### What is needed
The lines from the one with "Tailor your Ferrari" through the last line of the material below, copied exactly and free of pictures, make up the whole answer.

### Data shown
__________
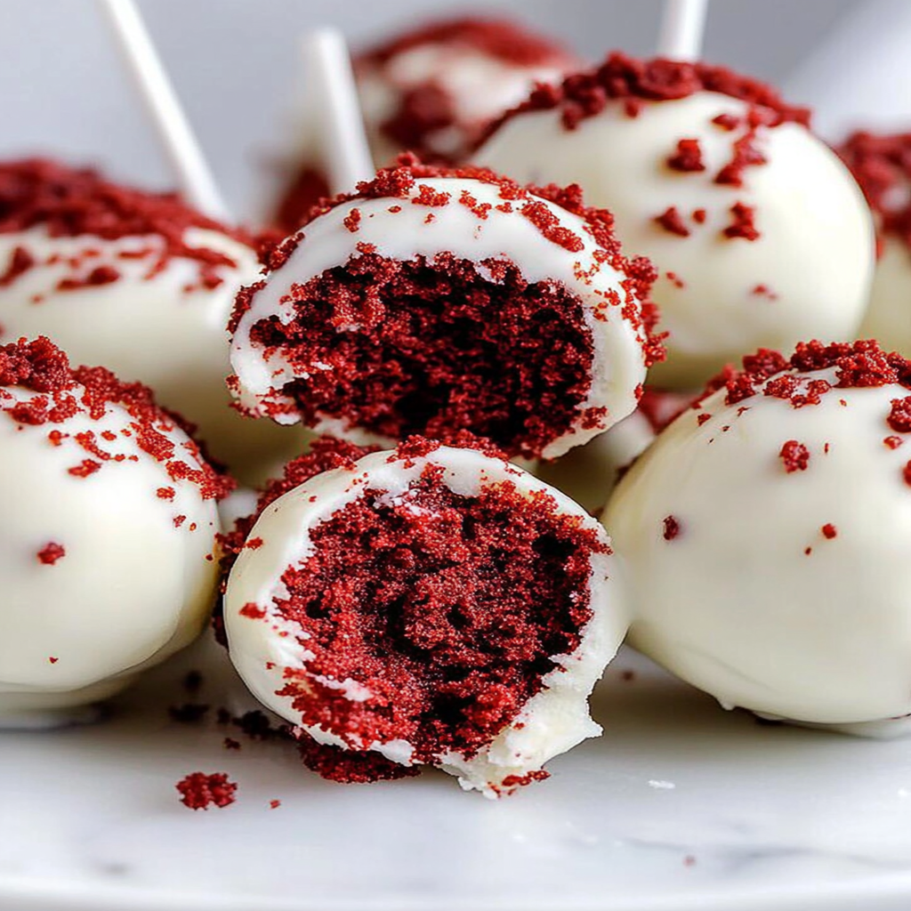 Red Velvet Cake Pops are delightful, bite-sized treats made from red velvet cake and cream cheese frosting. They are shaped into small spheres, coated in chocolate or candy melts, and served on sticks. These pops are perfect for parties, celebrations, or as a sweet treat for any occasion. perfect summer salad pairing The rich flavor of red velvet combined with the creamy frosting creates a deliciously moist cake that is irresistible.
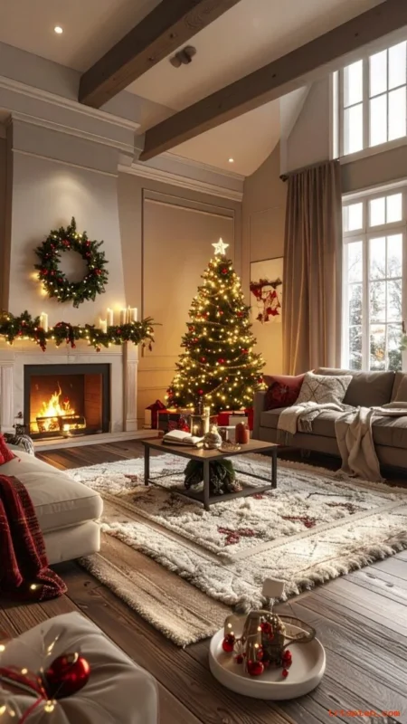 Choose a rug with red, green, or neutral holiday tones. Keep patterns simple so the room stays calm.
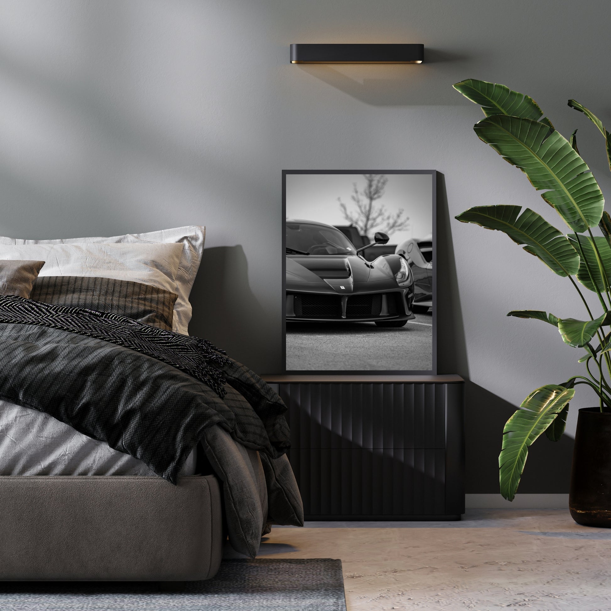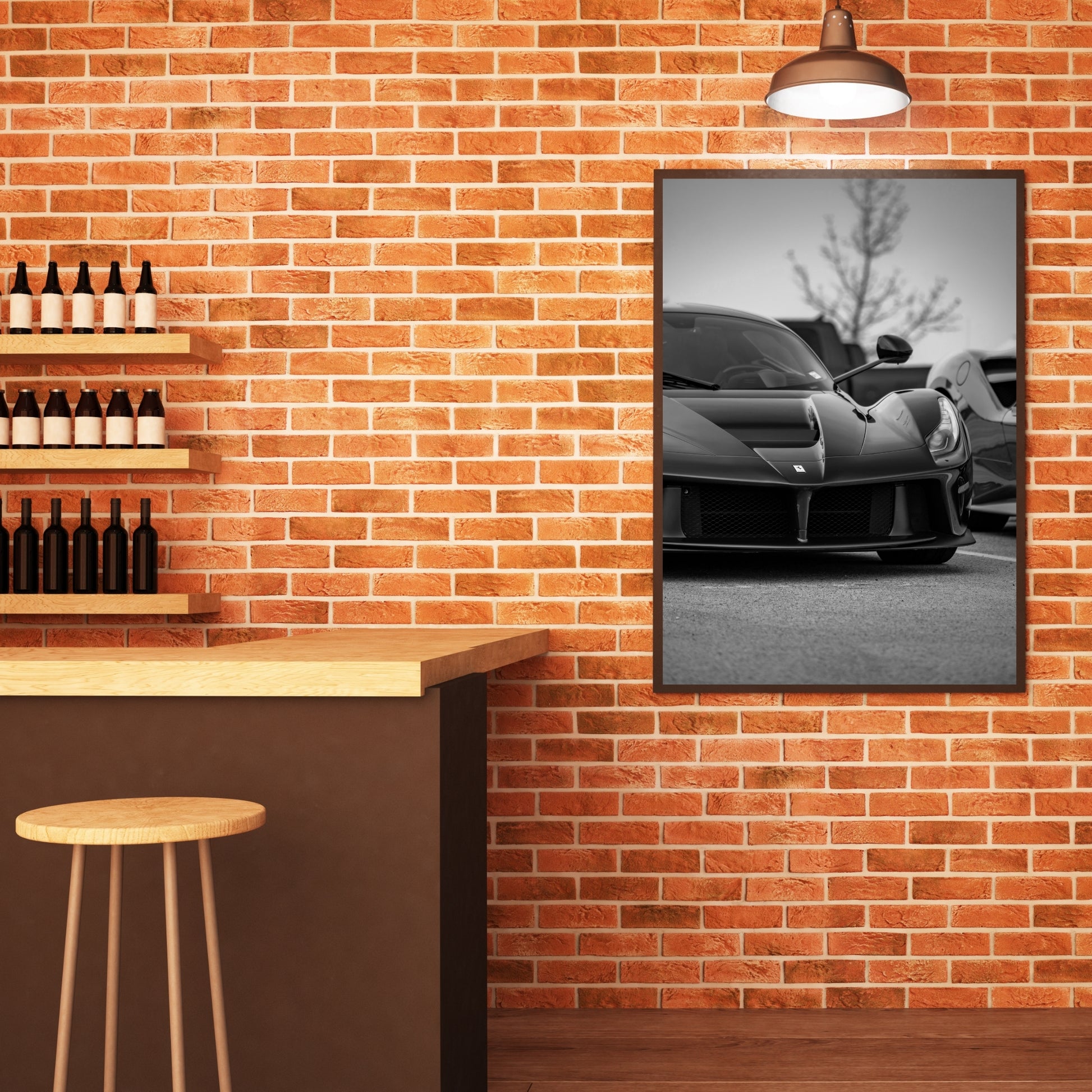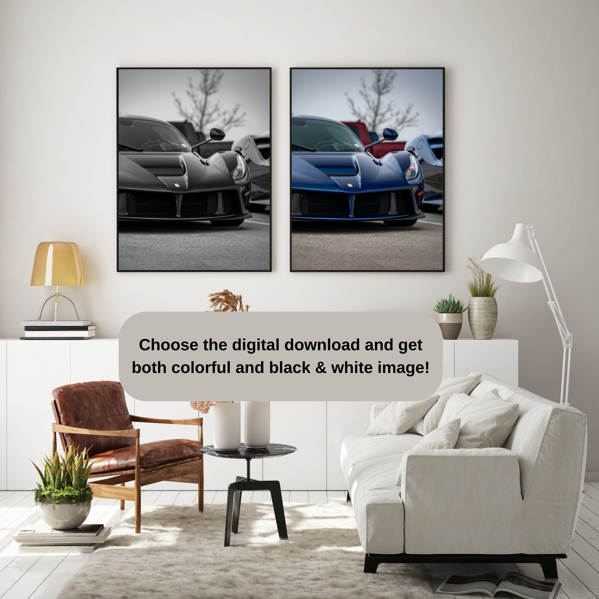 Tailor your Ferrari poster to match your decor style! Opt for a colorful rendition that captures the car's vibrant exterior and dynamic design, or choose a classic black and white version for a timeless automotive aesthetic.
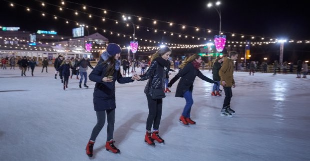 С пятницы по воскресенье и в праздничные дни также до 12:00 можно кататься бесплатно со своими коньками. С 12:00 начинаются сеансы по 100 грн.
__________
### Exercise output
 Tailor your Ferrari poster to match your decor style! Opt for a colorful rendition that captures the car's vibrant exterior and dynamic design, or choose a classic black and white version for a timeless automotive aesthetic.
 С пятницы по воскресенье и в праздничные дни также до 12:00 можно кататься бесплатно со своими коньками. С 12:00 начинаются сеансы по 100 грн.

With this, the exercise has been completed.